__WHAT THIS TASK INVOLVES__. Everything from the first line of the material to the line containing "福彩第2024156期3d太湖字谜:秃脑瓜,三道纹,红双喜,贴双门", inclusive, must be given again exactly; no pictures, and nothing past that line.

__LISTED ENTRIES__.
⟨
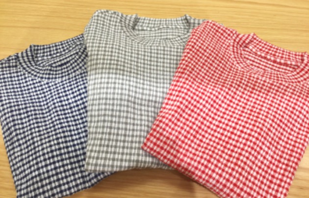 表面が楊柳の凹凸感があるカットソーのギンガム素材を使用した5分袖のトップスです。
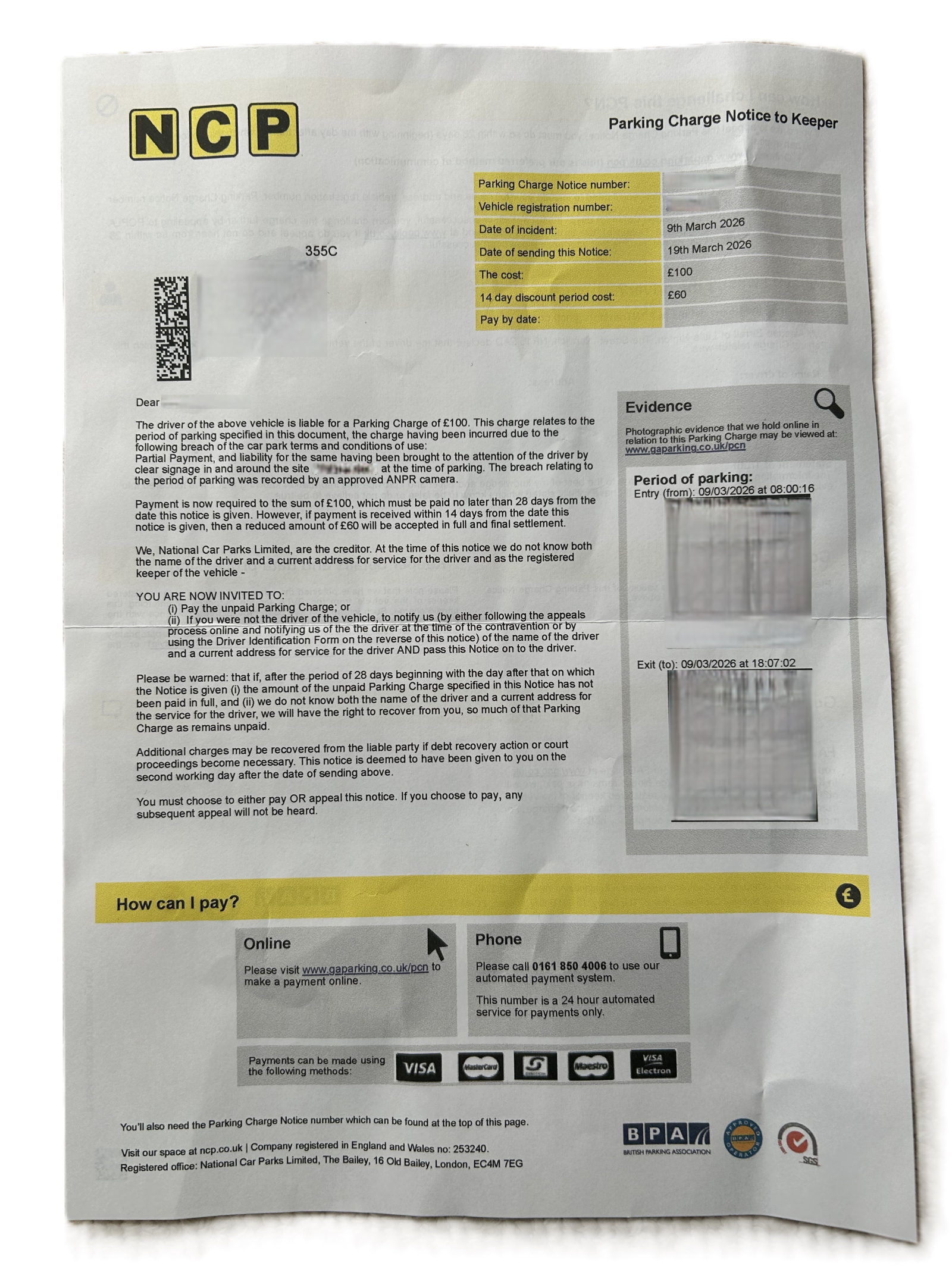 PRIVATE 'PCN'? DON'T PAY BUT DON'T IGNORE IT (except N.Ireland).
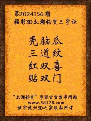 福彩第2024156期3d太湖字谜:秃脑瓜,三道纹,红双喜,贴双门
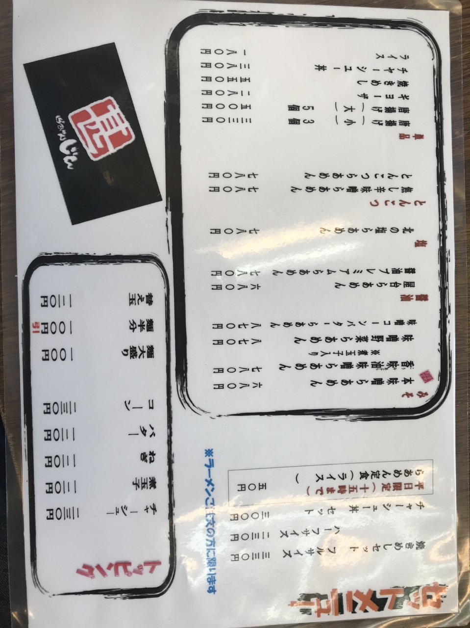 国道170号線沿いにあるラーメン屋です。普段から空いているのでイマイチかと思いながら入りました。味噌ラーメンが自慢らしく、香味味噌ラーメンはかなり美味い!コーンバターラーメンはコーンがめちゃくちゃ多いです。チャーシューは甘くなく、分厚いので珍しく、かなり美味いと思います。いつも空いているので、不思議ですが、私はここの味噌ラーメンがかなり好きです。
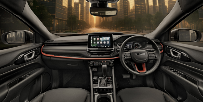 まず外装では、既存のクロームアクセントの部位にニュートラルグレーとグロスブラックを採用したことがトピック。具体的には、ニュートラルグレーアクセント付グロスブラックフロントグリルやニュートラルグレーアクセントを配したサイドおよびリア、ニュートラルグレーウィンドウモールディング、ニュートラルグレーアクセント付ブラックルーフレール、ニュートラルグレードアミラー、ニュートラルグレーJeepバッジ、グロスブラックフォグランプベゼル、グロスブラック18インチアルミホイール(タイヤは225/55R18 3シーズンタイヤ)などを特別装備する。また、フロント下部フェイシアアプリークにはレッドカラーのアクセントを施し、さらにブラック/ニュートラルグレー/レッド配色のCompassバッジと、カモフラージュ柄にレッドの“TRAIL”ロゴを入れた専用バッジを貼付して、本特別仕様車ならではの個性を際立たせた。
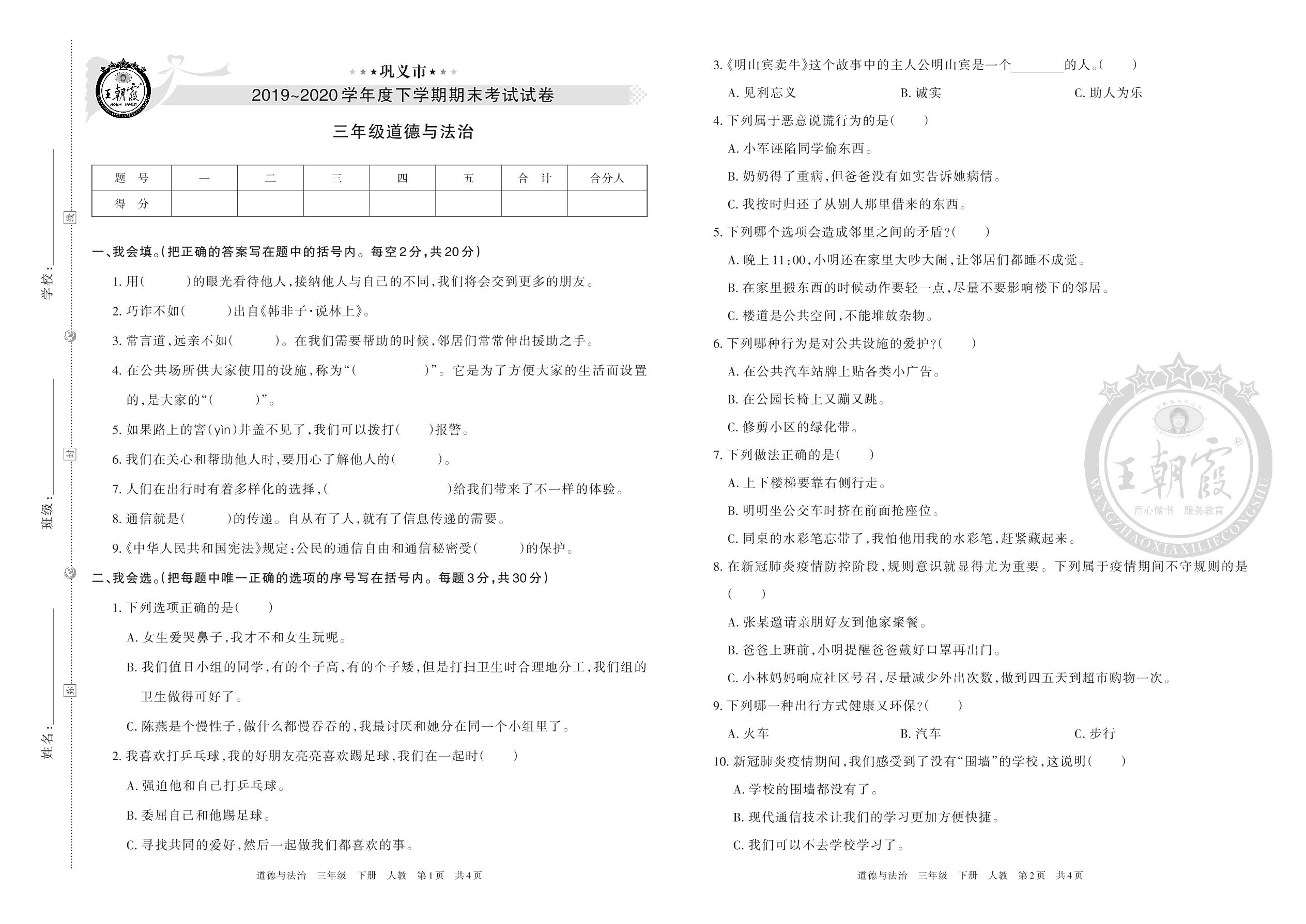 巩义市2019-2020学年度下学期期末考试试卷三年级道德与法治(人教版)
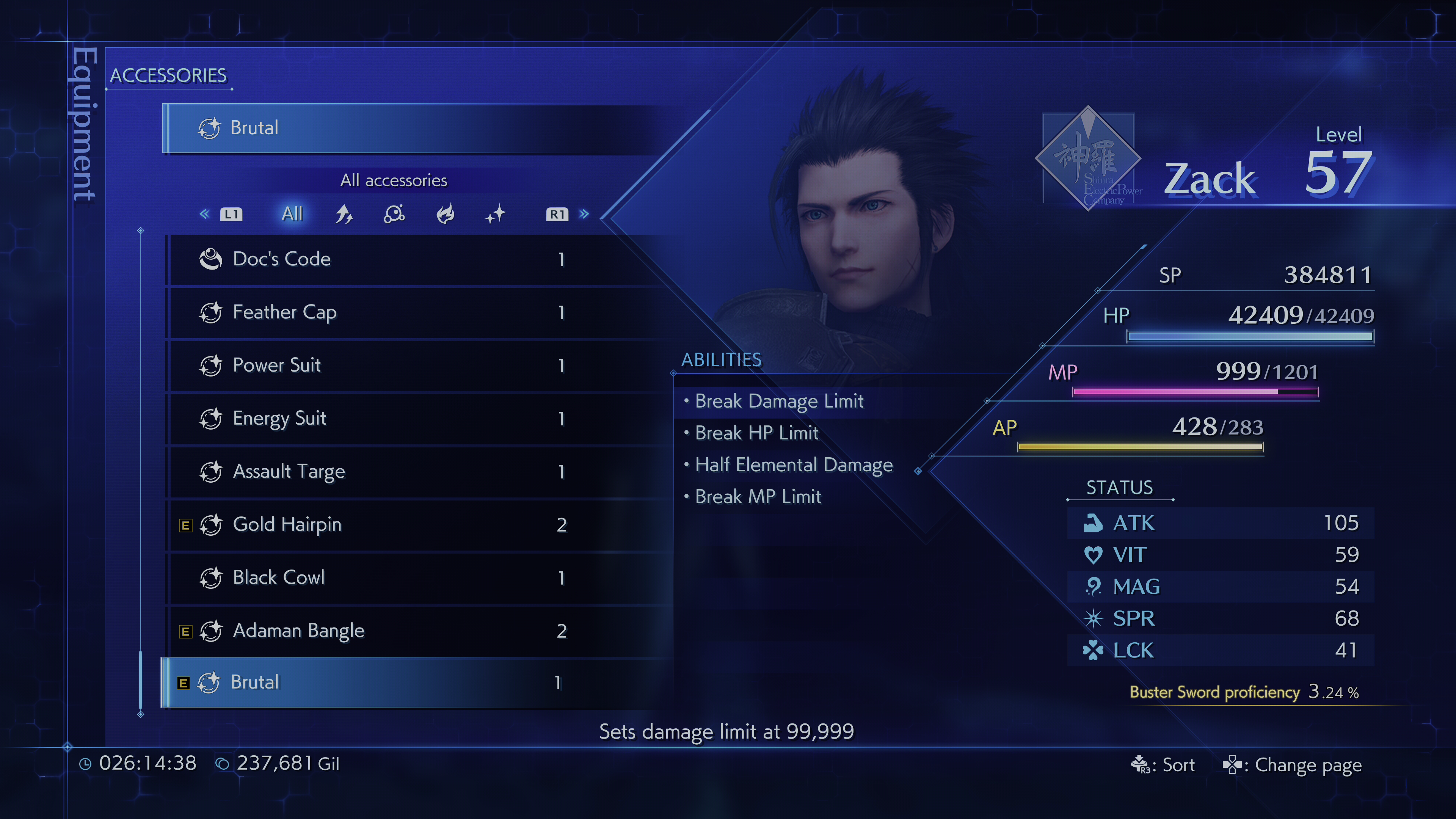 By breaking out of Zack’s HP Limit, you can make him more of a tank and able to survive hits more healthily. By breaking past his AP and MP limits, Zack can cast more magic and use more abilities without needing to use restorative items.
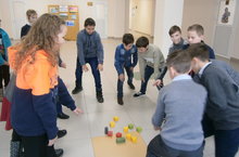 Волонтеры отряда «Инициатива» (8Б класс, классный руководитель Антипова Л.А.) провели подвижные игры для младших школьников в спортивном зале.
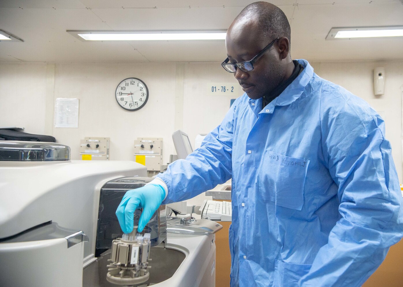 200406-N-DA693-1056 LOS ANGELES (April 6, 2020) Hospital Corpsman 3rd Class Julius Yemofio, from Houston, a laboratory technician assigned to hospital ship USNS Mercy (T-AH 19), inserts samples into a centrifuge in the ship’s laboratory, April 6, 2020. Mercy deployed in support of the nation's COVID-19 response efforts, and will serve as a referral hospital for non-COVID-19 patients currently admitted to shore-based hospitals. This allows shore base hospitals to focus their efforts on COVID-19 cases. One of the Department of Defense's missions is Defense Support of Civil Authorities. DoD is supporting the Federal Emergency Management Agency, the lead federal agency, as well as state, local and public health authorities in helping protect the health and safety of the American people. (U.S. Navy photo by Mass Communication Specialist 3rd Class Jake Greenberg/Released)
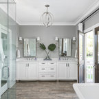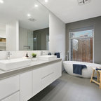 Новые идеи обустройства дома: ванная комната в современном стиле с отдельно стоящей ванной — Houzz
⟩
__ANSWER TO THIS TASK__.
 表面が楊柳の凹凸感があるカットソーのギンガム素材を使用した5分袖のトップスです。
 PRIVATE 'PCN'? DON'T PAY BUT DON'T IGNORE IT (except N.Ireland).
 福彩第2024156期3d太湖字谜:秃脑瓜,三道纹,红双喜,贴双门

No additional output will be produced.